ABOVE: In another production in which Rachel appeared. Cast from Oscar Wilde's 'The Importance of Being Earnest' a production by Ballyshannon Drama Society in the Abbey Arts Centre, seated l-r: Rachel O'Connor as Lady Bracknell, Louise Larkin as Gwendolen Fairfax and Sinead Luke as Cecily Cardew. Back row l-r: Sean Donegan as Algernon Moncrieff, Terence McEneaney as John 'Jack' Worthing, Kevin Lilly as Lane, Mark Kirby as Merriman, Tony Liston as Dr. Chasuble and Trish Keane as Miss Prism Picture: Thomas Gallagher

“I suppose, as a young one, when I didn’t know what role I was going to take, I probably would have had aspirations, but I never pursued it at that level. But you know what, I’ve done so many things and I have never missed the opportunity to improve, whether training or whatever, so I’ve probably done as much as I have wanted to do.

“Doing the circuit is a great experience, because you do eight different festivals and it is like another Director having a look at your production and telling you where you could improve in various areas and tells you as it is. You hear the good and the bad and you have to take both,” she added.

Rachel is now happy to take the kudos when they come as anytime a Ballyshannon production got to Athlone, she got a nomination for best actress but never won it.

Last year it happened unexpectedly as she was both acting and directing.

“I got best supporting actress last year and it was great. Then this year I was lucky enough to get the big one.

“It was also tough last year as I got cancer. I was on the circuit and it was just after Easter. I wasn’t feeling great and was tired, which I put down to the exhaustion of the Directing and acting but it ended up that I had stage four cancer.”

After finishing Athlone, she went for biopsies and discovered that the cancer had started in the bladder and spread to the liver and the nodes in her back and lungs

“It was pretty heavy stuff,” she explained.

ABOVE: Trish Keane as Agnes, Rachel O'Connor as Clair and Richard Hurst as Tobais in a scene from 'A Delicate Balance', a production by Ballyshannon Drama Society in the Abbey Arts Centre in 2023. Picture Thomas Gallagher

“Once I did the chemo, I flew through it and I never looked back.
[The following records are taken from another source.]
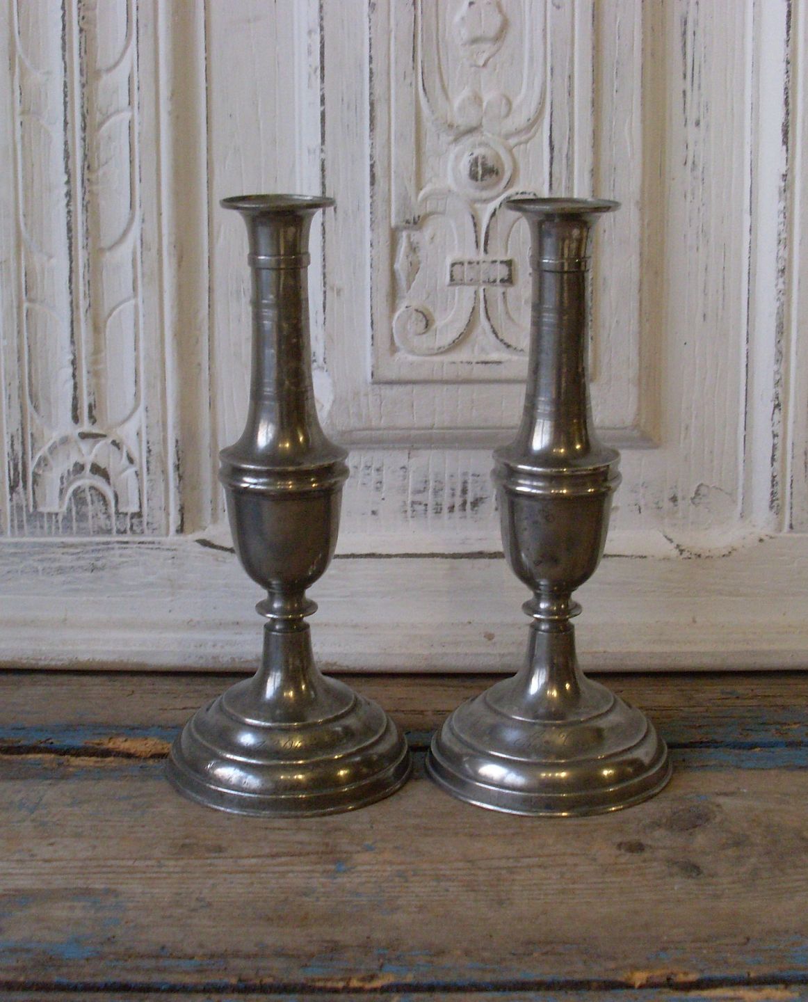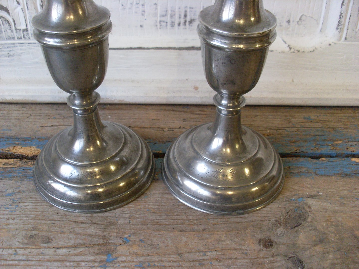 Par smukke svenske tinstager med initialer og årstal 1896.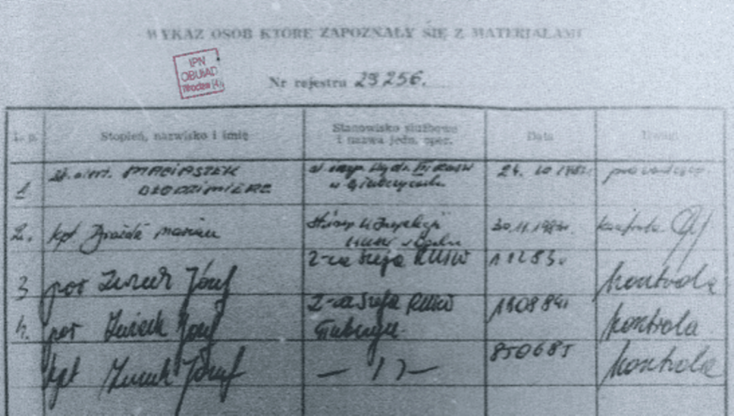 Po latach dotarłem do akt IPN, z których wynika — iż ów major Józef Zwiech… interesował się moją osobą, często przeglądał moje w esbecji dossier, a nawet popędzał mojego od nich anioła stróża-sierżanta do roboty, zwracając mu uwagę, że nie ma w moim kwestionariuszu nowych wpisów.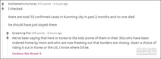 也有人称:“我查了数据,昆明过去2个月内累计确诊才53例,无死亡病例。他就应该待在那儿(观察者网注:昆明目前治愈率高达98%,仅剩1例在医院治疗)。”
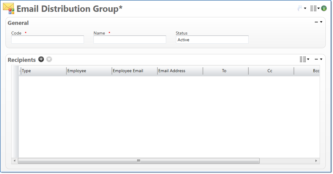 In the Recipients area, add all of the recipients that should receive an email for the distribution group. A recipient can either be an employee or a specified email address. At least one recipient must be defined for the group.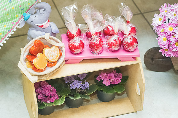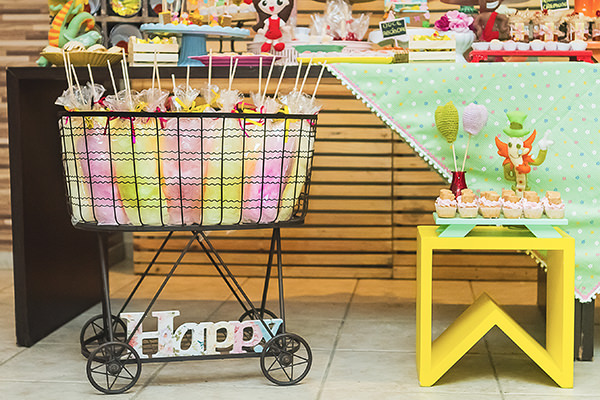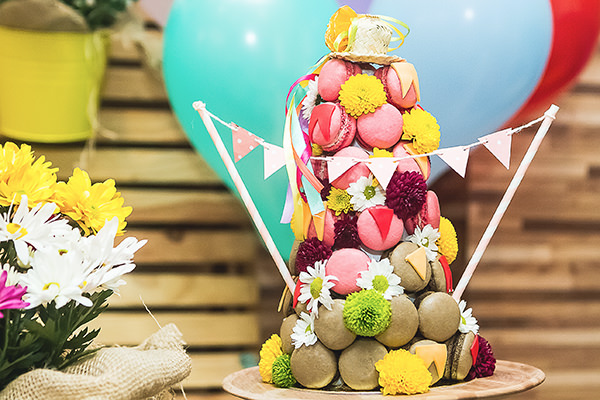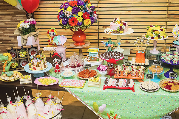 Para deixar a festinha deliciosa, a decoradora apostou em dois bolos bem coloridos da Arquitetura do Açúcar, pâtisserie que também fez a torre de macarons. Para arrematar a produção, doces clássicos como coração de abóbora e maçã do amor.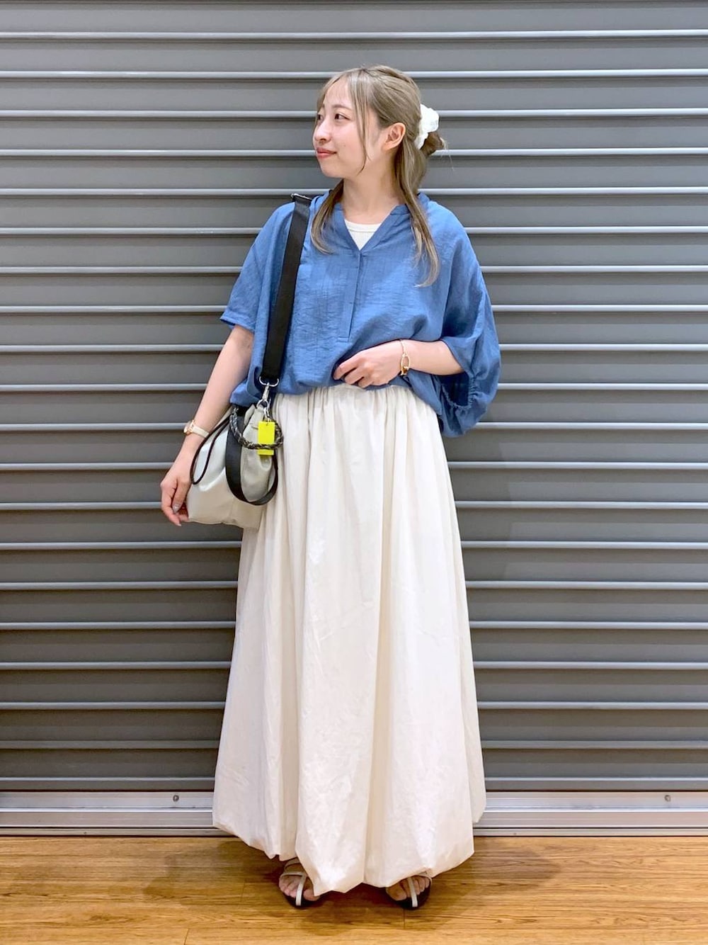 【151cm/低身長/腰回りコンプレックス】 ▽ トップス:ゆったり 151cmの私が着た感じは全体的にゆったりめです! インせず着るとお尻もすっぽり隠れる丈感で 袖は肘あたりまでくるので 気になるところをカバーしてくれます◎ 袖口にはギャザーが入っていて ゴムなので伸びが良く動きやすいです♪ サラサラな肌触りで夏快適に過ごせそうです! ▽ スカート:ゆったり バルーンスカートですが広がりすぎず 程よいボリュームで着やすや◎ ウエストのゴムも伸びが良く お腹周りがとっても楽ちんです♪ ━︎・━︎・━︎・━︎・━︎・━︎・━︎・━︎・━︎・━︎・ ご覧いただきありがとうございます\♡︎/ 店頭でもお気軽にお声がけください! も更新中🐼 ━︎・━︎・━︎・━︎・━︎・━︎・━︎・━︎・━︎・━︎・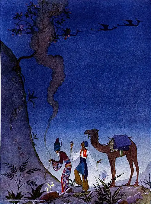 When we came into the valley between these two mountains, the dervish bade me stop the camels. He proceeded to gather some sticks and light a fire: he then cast some incense into it, pronouncing certain words which I did not understand and presently a thick cloud arose. This soon dispersed, when the rock worming the side of the valley opened, and exposed to view a magnificent palace in the hollow of the mountain.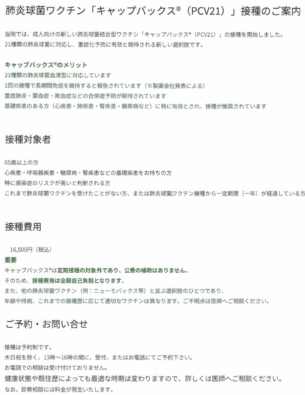 肺炎球菌ワクチン「キャップバックス®」接種のご案内

Of course, you have to have the backing of your family, which I have.”

She also refused to pull out of Ballyshannon’s Drama Society contribution to the All Ireland finals last year and the journey has continued with ‘Margaret’ this year thanks to the efforts of both Shaun Byrne and Monica Doherty and team.

“I’m on immunotherapy which is ongoing and is fortnightly for the foreseeable future, but I feel great. I’m never going to be rid of the cancer and everything is stable and that is good, so I am great and I have the hair back and doing ‘Margaret’ has been a great focus for me.”

And we are all the more ‘great’ for having Rachel amongst us, one of the finest acting talents in the land and a genuine humble lady, a mum and a wife who epitomises the very best in making things happen, no matter what the challenges in life are.